The palette of available reactions, and the first page of reactions in particular, is explicitly a claim about what we think people should care about in comments (both positive and negative). On LessWrong, that means ways of relating to comments epistemically, reasons why comments are good and bad contributions.

Reactions currently can only be applied to comments (not posts), only on this thread (for experimentation purposes), and only on entire comments, not individual comment sections. Depending on feedback, we may roll it out to comments on all posts, allow reactions to posts not just comments, and maybe implement something to allow reacting to specific parts of comments and not just to the whole thing.


Unlike other sites that have reactions, LessWrong has antireactions. An antireaction is like downvoting a reaction, or placing −1 reactions. This doesn’t affect anyone’s karma, but will show your name in the hover-over as someone who disagreed with the react. If there are at least as many antireactions of a given type as there are reactions of that type, then the icon won’t be shown to people who don’t hover over the reactions icon.

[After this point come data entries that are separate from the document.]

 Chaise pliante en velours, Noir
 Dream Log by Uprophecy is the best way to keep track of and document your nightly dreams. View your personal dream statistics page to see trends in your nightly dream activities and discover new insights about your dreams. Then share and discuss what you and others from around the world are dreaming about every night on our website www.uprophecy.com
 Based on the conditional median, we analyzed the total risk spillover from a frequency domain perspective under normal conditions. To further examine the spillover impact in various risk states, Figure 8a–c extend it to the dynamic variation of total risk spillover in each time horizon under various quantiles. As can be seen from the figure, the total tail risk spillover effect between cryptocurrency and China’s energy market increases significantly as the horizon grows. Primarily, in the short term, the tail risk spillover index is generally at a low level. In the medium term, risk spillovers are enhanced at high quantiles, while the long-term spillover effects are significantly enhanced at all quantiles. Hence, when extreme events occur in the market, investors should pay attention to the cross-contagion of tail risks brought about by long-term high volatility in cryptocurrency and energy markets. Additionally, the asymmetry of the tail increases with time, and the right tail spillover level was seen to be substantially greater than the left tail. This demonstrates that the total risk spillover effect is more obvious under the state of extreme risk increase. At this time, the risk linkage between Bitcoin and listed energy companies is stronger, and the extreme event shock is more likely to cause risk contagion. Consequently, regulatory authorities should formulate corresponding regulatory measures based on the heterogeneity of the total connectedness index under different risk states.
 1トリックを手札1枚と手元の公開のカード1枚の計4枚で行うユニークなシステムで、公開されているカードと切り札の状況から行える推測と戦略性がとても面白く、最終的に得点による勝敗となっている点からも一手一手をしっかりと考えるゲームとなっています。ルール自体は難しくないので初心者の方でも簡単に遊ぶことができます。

The idea here is that, since we are trying to promote reactions that have more semantic content than the reactions you would find on most sites, many of the reactions in the palette are capable of being incorrect in a way that purely emotive reactions aren’t.

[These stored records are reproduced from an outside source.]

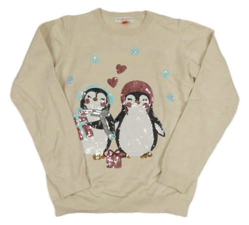 Smetanový svetr s tučňáky a vločkami z flitrů Society Eight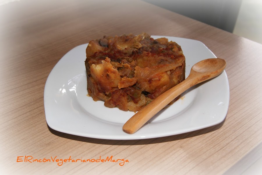 En una cazuela honda de barro ponemos un dedito de aceite de oliva y dejamos que se vaya calentando, mientras cortamos en trozos grandes los pimientos verdes, la cebolla y el ajo. En el aceite añadimos las hojas de laurel y los ingredientes (exceptuando las patatas), lo sofreímos unos minutos. Pelamos las patatas y las cortamos en cuartos. Las añadimos en la cazuela y las cocemos un minuto, en este momento incorporamos los dos vasos de caldo vegetal (el caldo debe cubrir las patatas, no más), lo dejamos cocer hasta que veamos que se ha evaporado el caldo y que las patatas se han medio deshecho y queda una pasta cremosa. Se debe remover continuamente ya que sino se nos quema en la parte inferior. Si las patatas todavía no están bien cocidas, añadimos un vaso más de caldo vegetal y lo cocemos hasta que se evapore. En este punto añadimos una cucharadita de pimentón de la vera y lo integramos bien con todos los ingredientes.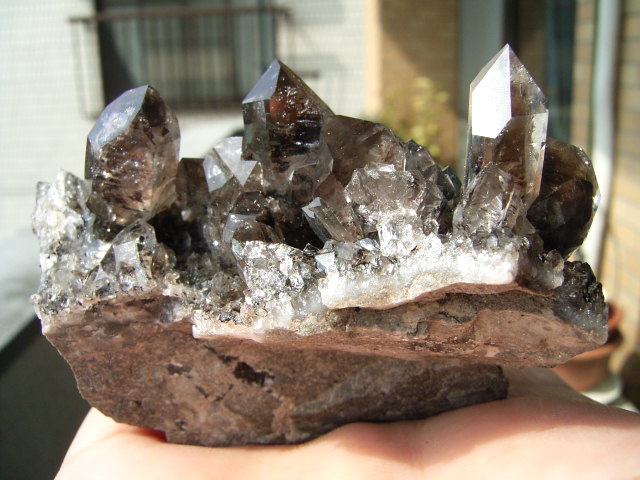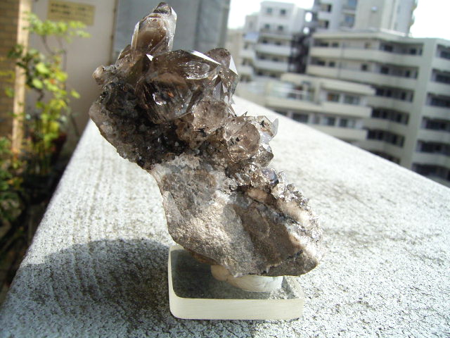 手のひらの上には画像のように乗るのですが、結晶ウラの母岩の部分がややなだらかになっていて、ゆるい角度で自立します。

In my experience, seeing a list of names that I respect, marked as having reacted positively to my writing, feels much more motivating than a high karma number. Conversely, seeing negative reactions from names I don’t respect feels less bad than a low karma number. And seeing a mixed reaction, with positive reactions from people I recognize and negative reactions from people I don’t, creates a feeling of community.

Other sites on the internet (most notably Facebook) try to use reactions to bias interactions towards positive vibes. I theorize that rationality culture is accidentally doing the opposite; that is, LessWrong has a problem with asymmetrically muted signal. When people see content they agree with and want to support, that mostly gets expressed through upvotes; when they see content they disagree with, that’s more likely to result in writing a comment. This biases the perceived reception in a negative direction.

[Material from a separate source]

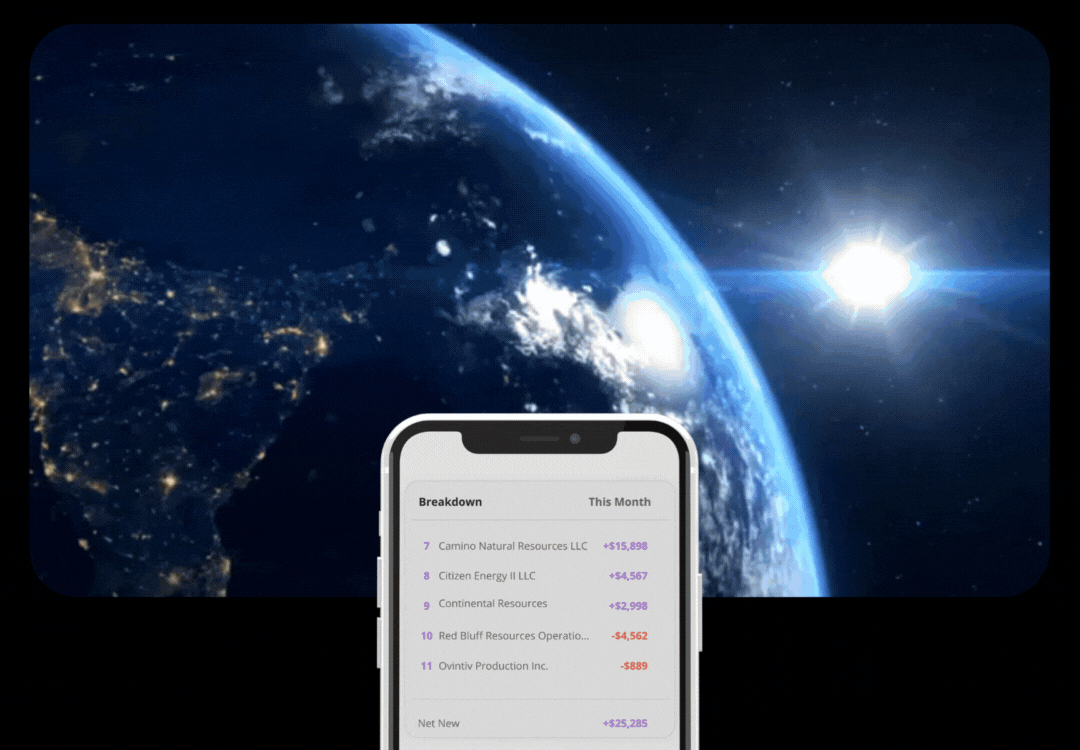 The central source of truth for your oil & gas investments, view all your meaningful data from a customizable dashboard or mobile app.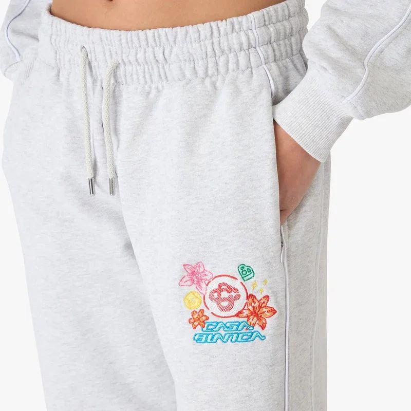 Pantalonii scurți de trening gri brodați au un design rafinat, prezentând colajul grafic al sezonului care reprezintă iconografia și elementele de design pentru noul sezon, cu interpretări ale logo-ului, feței zâmbitoare și florii de orhidee. Completate cu o bandă elastică în talie, închidere cu șnur, detalii cu bordură pe părțile laterale, buzunare în cusătură și un buzunar aplicat în spate. Concepute pentru a fi purtate cu hanoracul cu glugă asortat.

Reactions are meant to serve as a middle ground between voting and commenting. This may capture feedback that would have been lost otherwise. In the case of positive feedback, this makes it more salient and motivating. In the case of negative feedback, I expect (though I could be mistaken) that receiving a reaction that expresses some specific criticism will at least be better, from an author’s perspective, than a negative score with no replies.

The default palette of reactions contains many reactions that represent specific virtues, and common flaws, that we want people to know about. This is a culture shaping tool; seeing the default palette of reactions, and seeing commonly used reactions on comments, is meant to influence what people optimize for when writing their comments.

Finally, reactions are now present on so many other sites that they’ve become a part of how people communicate, and there’s value in maintaining feature-parity with the rest of the internet.


The main form of feedback I’m hoping for is theorizing about the effect that this will have on site culture, if this feature rolls out broadly (for comments on all posts, and for posts themselves). I’m also interested in feedback about the current UX, and reactions that are worth adding to the palette.

If you’re proposing reactions to add to the palette, please include an icon; it should be an image that is legible when it’s very small and in greyscale or muted color, and is at least somewhat a mnemonic for the concept it represents.